I played around with the NLM tunable to set use of TCP. It appears that rpcbind always replies with the UDP port#, so it doesn't work. I think setting a fixed port# via "-p" for both rpc.statd and rpc.lockd might make it work. I am hoping that patch#2 will resolve the problem, so I don't need to bother trying to fix the rpcbind problem.
A commit references this bug: Author: rmacklem Date: Mon Apr 20 01:17:00 UTC 2020 New revision: 360109 URL: https://svnweb.freebsd.org/changeset/base/360109 Log: MFC: r359643 Change the xid for client side krpc over UDP to a global value. Without this patch, the xid used for the client side krpc requests over UDP was initialized for each "connection". A "connection" for UDP is rather sketchy and for the kernel NLM a new one is created every 2minutes. A problem with client side interoperability with a Netapp server for the NLM was reported and it is believed to be caused by reuse of the same xid. Although this was never completely diagnosed by the reporter, I could see how the same xid might get reused, since it is initialized to a value based on the TOD clock every two minutes.

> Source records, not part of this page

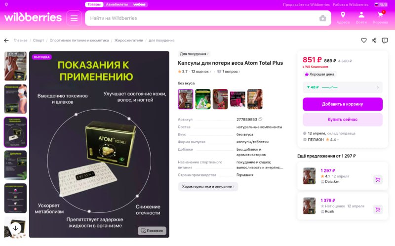 На Wildberries и Ozon вновь появились опасные препараты для похудения. Их уже запрещали, но производители сменили название и продают по новой. Ранее они продавались под брендом "Молекула", а теперь их переименовали в "Атом".
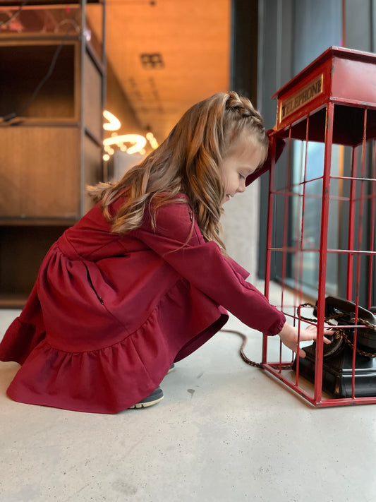 Dress EMA Bordo / T1d Girls Long Sleeve Dress / Casual / Cotton dress with pockets / Size 5-12 Years
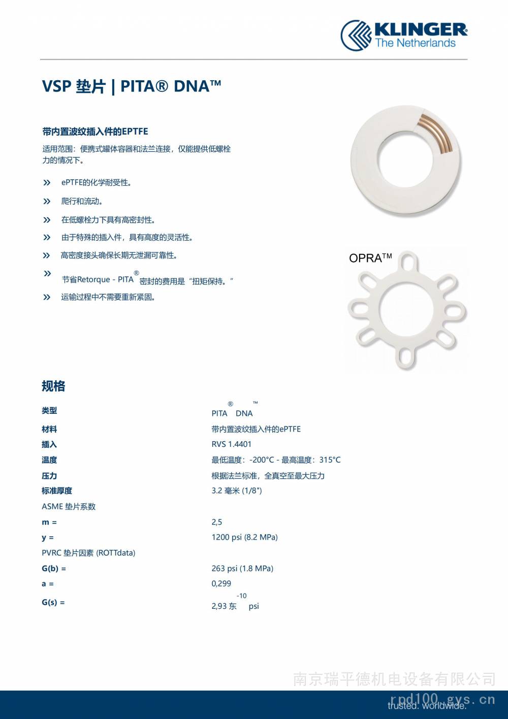 本页信息为南京瑞平德机电设备有限公司为您提供的"克林格 KLINGER PITA? DNA? VSP 垫片 内置波纹插入件的EPTFE 工业密封"产品信息,如您想了解更多关于"克林格 KLINGER PITA? DNA? VSP 垫片 内置波纹插入件的EPTFE 工业密封"价格、型号、厂家请联系厂家,或给厂家留言。 进入店铺
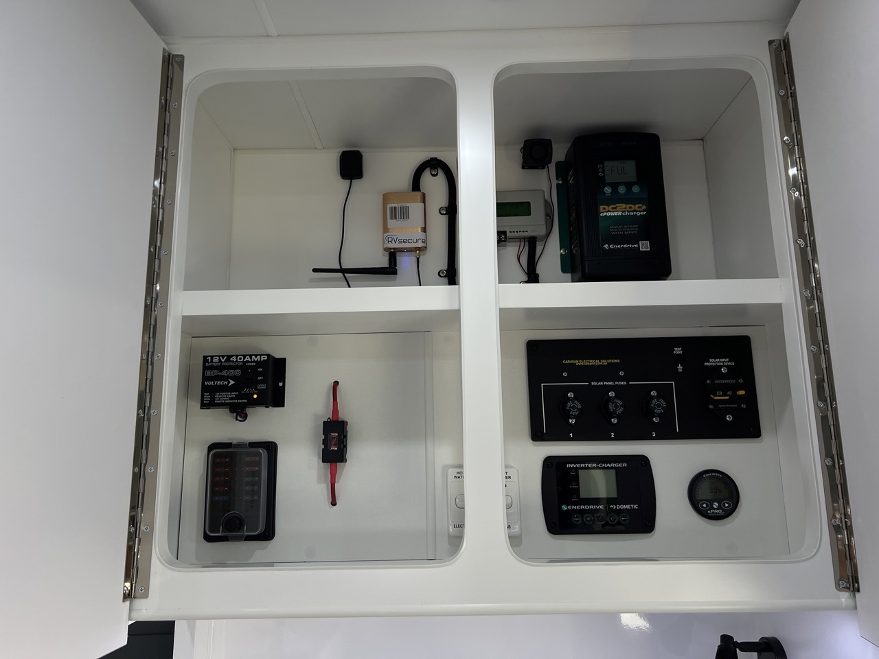 10amp outlet, 12v socket, USB ports & antenna point
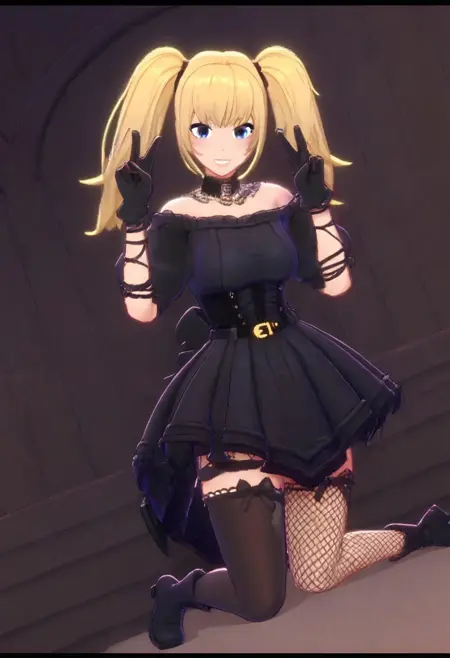 | 학습된 단어 | 1girl, AniGrok, bang, twintails,blonde hair, blue eyes,복사됨! black dress, black gloves, black thighhighs, black fishnet thighigh,fishnets,black choker,bare shoulders, off-shoulder dress, short sleeves,puffy sleeves,black bow, belt,black boots,복사됨! |
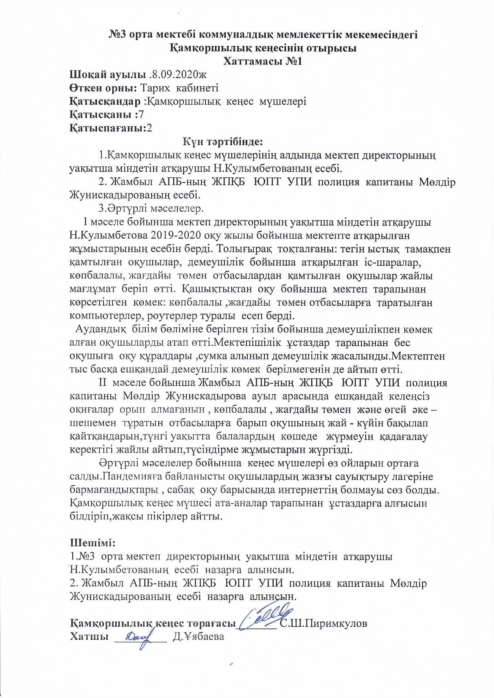 10 сентябрь 2020 0 1 2 3 4 5 №3 орта мектебі коммуналдық мемлекеттік мекемесіндегі Қамқоршылық кеңесінің отырысы
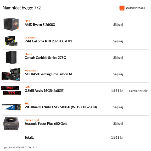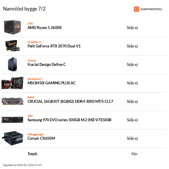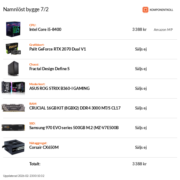 CPU: i9-9900K + Be Quiet! Dark Rock Pro 3. Moderkort: ASUS ROG Z390-F. Minnen: Corsair Vengeance DDR4 2x8GB 3000MHz. GPU: GigaByte RTX 3080 Gaming OC. SSD: Corsair MP510 500GB. HDD: WD Blue 3TB Nätagg: EVGA SuperNova G2 850W. Chassi: Corsair 4000D Airflow.

I suspect initializing the value for every "connection" was inherited from userland library code, where having a global xid was not practical. However, implementing a global "xid" for the kernel rpc is straightforward and will ensure that an xid value is not reused for a long time. This patch does that and is hoped it will fix the Netapp interoperability problem. PR: 245022 Changes: _U stable/12/ stable/12/sys/rpc/clnt_dg.c
A commit references this bug: Author: rmacklem Date: Mon Apr 20 01:26:18 UTC 2020 New revision: 360110 URL: https://svnweb.freebsd.org/changeset/base/360110 Log: MFC: r359643 Change the xid for client side krpc over UDP to a global value. Without this patch, the xid used for the client side krpc requests over UDP was initialized for each "connection". A "connection" for UDP is rather sketchy and for the kernel NLM a new one is created every 2minutes. A problem with client side interoperability with a Netapp server for the NLM was reported and it is believed to be caused by reuse of the same xid. Although this was never completely diagnosed by the reporter, I could see how the same xid might get reused, since it is initialized to a value based on the TOD clock every two minutes. I suspect initializing the value for every "connection" was inherited from userland library code, where having a global xid was not practical. However, implementing a global "xid" for the kernel rpc is straightforward and will ensure that an xid value is not reused for a long time. This patch does that and is hoped it will fix the Netapp interoperability problem. PR: 245022 Changes: _U stable/11/ stable/11/sys/rpc/clnt_dg.c
Second patch has been committed and MFC'd. Eanbling TCP using the first patch doesn't work correctly, due to the call to rpcbind returning the UDP port# instead of TCP port#. If the second patch does not resolve the interoperability problem with the Netapp filer, this PR can be reopened and I will work on fixing the first patch.